Supplied data START

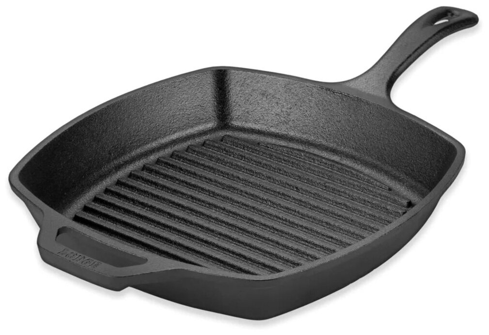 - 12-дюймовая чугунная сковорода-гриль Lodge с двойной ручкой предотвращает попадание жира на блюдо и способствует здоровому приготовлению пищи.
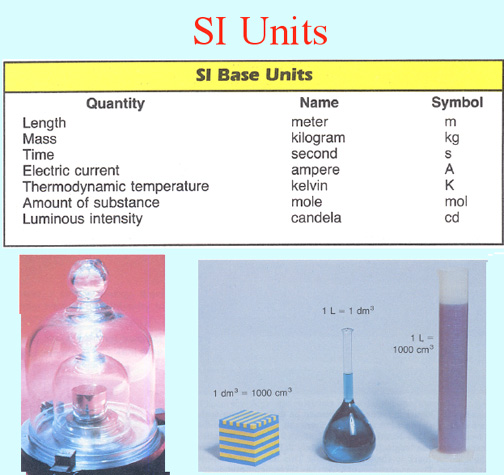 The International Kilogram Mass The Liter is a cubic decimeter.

Supplied data END
Supplied data START

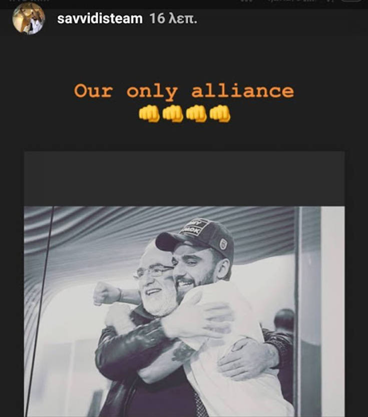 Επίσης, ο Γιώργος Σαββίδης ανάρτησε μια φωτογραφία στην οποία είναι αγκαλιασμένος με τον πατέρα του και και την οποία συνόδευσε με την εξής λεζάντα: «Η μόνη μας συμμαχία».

Supplied data END
Supplied data START

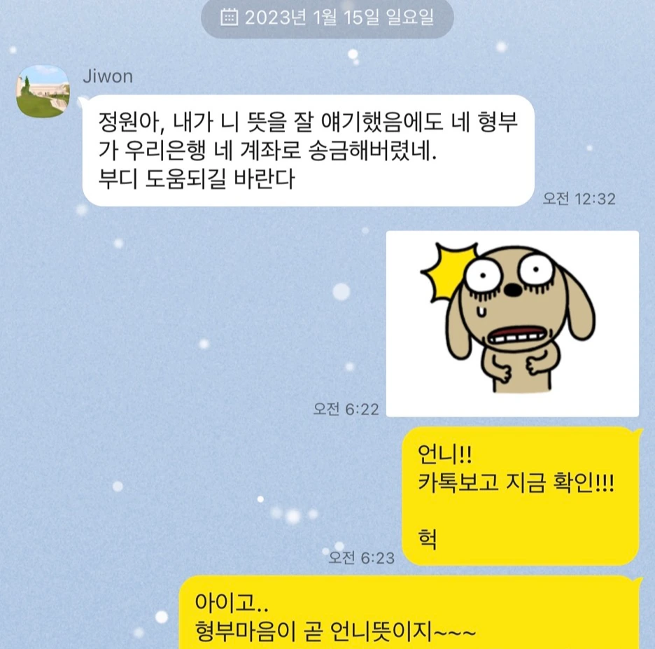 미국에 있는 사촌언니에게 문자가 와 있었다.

Supplied data END

* [Work item]:
Give again, exactly as written above, every line from the one holding "- 12-дюймовая чугунная" to the one holding "The International Kilogram", with both ends kept and the pictures left out.

* [Expected answer]:
 - 12-дюймовая чугунная сковорода-гриль Lodge с двойной ручкой предотвращает попадание жира на блюдо и способствует здоровому приготовлению пищи.
 The International Kilogram Mass The Liter is a cubic decimeter.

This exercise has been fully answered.